There is little doubt that in the months since the start of largely peaceful protests early last year the unrest has attracted armed elements from abroad. Arab Gulf states have called for weapons and ammunition to be sent to help the opposition. Western diplomats in the Saudi capital, Riyadh, are in no doubt that arms are being carried into Syria by Sunni fighters with experience in Iraq and Afghan­istan.

Given these attempts to strengthen the armed Syrian opposition, trying to implement the Annan peace plan was always going to be an uphill struggle. Even as the Western powers are attempting to bring about a cease­fire in Syria, some of its allies in the Arab world are seeking to bring down the Assad regime by force, thus diminishing the chances that a proper truce can take hold.

There is no shortage either of weaponry stockpiled in Syrian army camps, or of enthusi­astic opposition groups eager to take on the powerful military, despite the latter's infinite superiority. The latest armed group to an­nounce its formation is the Turkey-based Syrian Rebels Front, which says that it has no fewer than 12,000 fighters under its command. The leaders of the new faction said that they were acting in response to the Arab and inter­national failure to end the regime's crime.

The inability of Syrian opposition groups to unite on a common strategy will allow the Assad government to continue its policy of cracking down on dissent, while paying lip-service to the Annan peace plan and moves towards political reform. Clear divisions still separate groups inside and outside the country, as do political differences among the various factions on issues of representation.

The staunchly Alawite Damascus regime takes comfort from this disarray; for it means that there is no clear political programme for a post-Assad era. So, while large numbers of Syrians are prepared to take to the streets and risk their lives in the name of "change", millions more are reluctant to sign up to a process that offers the prospect, at best, of a political vacuum.

In particular, supporters of the current regime and the Alawite community as a whole (with Christians and other minorities) want to know whether their rights to live freely in Syria would be guaranteed after regime change; for unless and until a clear vision of a future Syria can be presented to them, they are likely to opt for the status quo -- thus allowing President Assad to keep on playing for time.
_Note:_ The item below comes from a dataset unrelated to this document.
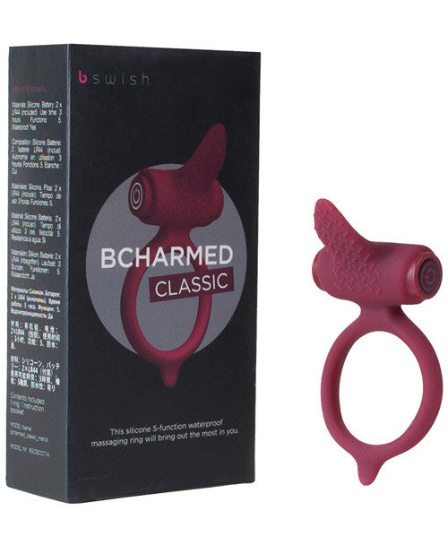 Enhance your favorite asset with the Bcharmed Classic massaging ring. Ideal for couples play, the Bcharmed Classic satisfies all with a textured pin-point precise tickler made of body-safe silicone with a powerful 5-function waterproof motor. Comfortable, soft and super flexible, the Bcharmed Classic is designed to fit all men perfectly. Use the simple click button to progress through all 5-functions, allowing you to easily adjust the power to your liking for customized erogenous stimulation. The Bcharmed Classic is waterproof and perfect for the bath or shower. The removable motor also makes cleanup a breeze, simply clean with soap and warm water and air or towel dry. Best used with a quality water-based lubricant to protect the smooth surface. Batteries included.

The Syrian government still draws comfort from the backing it receives from China and Russia. Any hopes that Russia's support might be tempered by pressure from the Russian Orthodox Church, fearful over the fate of Syrian Christians, have faded. Church leaders have again said that the prospect of an Islamic fundamentalist takeover of Syria represents a greater danger to Christians there than the continuation of the current administration.

So Syrian Christians have little choice but to sit anxiously on the fence while the brutal civil and sectarian conflict is played out before their eyes. Until they see a clear sign of the advantage of moving one way or the other, they are likely to be too fearful to budge.